BE IT ENACTED BY THE LEGISLATURE OF THE STATE OF HAWAII:
SECTION 1. The legislature finds that, because of the recent Navahine F. v. Hawaiʻi Department of Transportation CIV. NO. 1CCV-24-0000631 (Hawaiʻi Cir. Ct.) settlement, there is a clear need for the State to take meaningful and coordinated action to reduce its greenhouse gas emissions, particularly within the transportation sector. The settlement underscores the State's constitutional responsibility to ensure a life‑sustaining climate for current and future generations. It also calls for the development and implementation of a comprehensive energy security and waste reduction plan to guide decarbonization efforts over the next twenty years, including the adoption of sustainable aviation fuel as a key strategy.

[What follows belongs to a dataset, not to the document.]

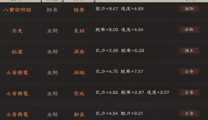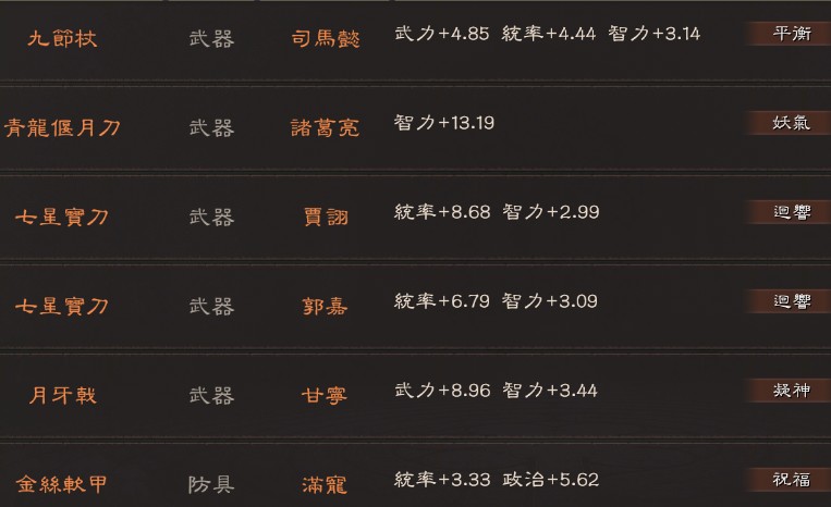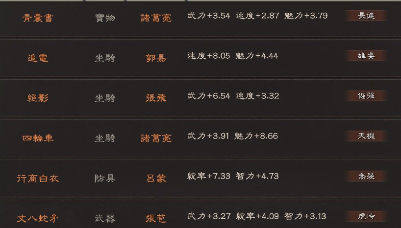 主打典藏滿紅滿特技北伐槍(天機 神算 龍湘 虎峙都有 以及7件雙特技)3匹出奇馬搭配三幻神的富貴騎 10張將作殘卷 寶物方面:2剛體 暴躁 長健 防具:荊棘+精神 4精神 6靈動 2援助 喬裝 灼烈 沉重 坐騎:忠誠+踩踏 3踩踏 3出奇 疾馳 2雄姿 護主 倔強 武器:蠻力+凝神 石膚+符咒 符咒+石膚 平衡+妖氣 2迴響 雄烈 神算 龍湘 虎峙 號令

The legislature further finds that the transportation sector is the single largest contributor to greenhouse gas emissions in Hawaii, accounting for forty-eight per cent of statewide emissions, well above the national average. Within that sector, aviation plays a critical role, supporting commerce, tourism, and essential interisland travel, and contributes significantly to overall emissions. Hawaii consumes approximately seventeen million barrels, or seven hundred fourteen million gallons of jet fuel annually. Transitioning this system away from fossil fuels is essential to achieving the State's climate goals. Even producing a modest portion of that fuel locally, using renewable feedstocks, can yield outsized benefits, stimulating local agriculture, creating economic opportunities, reducing emissions, and building energy resilience. Rather than continuing to grow the State's annual fossil fuel demand by small increments each year, Hawaii has the opportunity to stop that trajectory and instead take a bold, measurable step toward emissions reduction and local sustainability in a single year.
The legislature recognizes that renewable fuel used for sustainable aviation fuel (SAF) offers a near-term and scalable solution to decarbonize aviation without requiring changes to aircraft or infrastructure. However, SAF remains several times more expensive than conventional fuels. Without targeted policy support, including financial incentives, local SAF production and adoption will remain cost-prohibitive. Other states have enacted policy tools and tax credits to bridge this gap. The State must act similarly to remain competitive, meet its legal obligations, and seize the economic opportunities offered by renewable fuel production.
Updating the renewable fuels production tax credit to increase incentives is a critical component of this effort. Revising this tax credit will support local production of SAF and other renewable fuels, enabling investment in energy infrastructure, job creation, and economic development. These fuels benefit a broad spectrum of the State's residents, from households that rely on propane for cooking to patients who depend on affordable interisland flights for medical care, ensuring that climate action is equitable and far-reaching.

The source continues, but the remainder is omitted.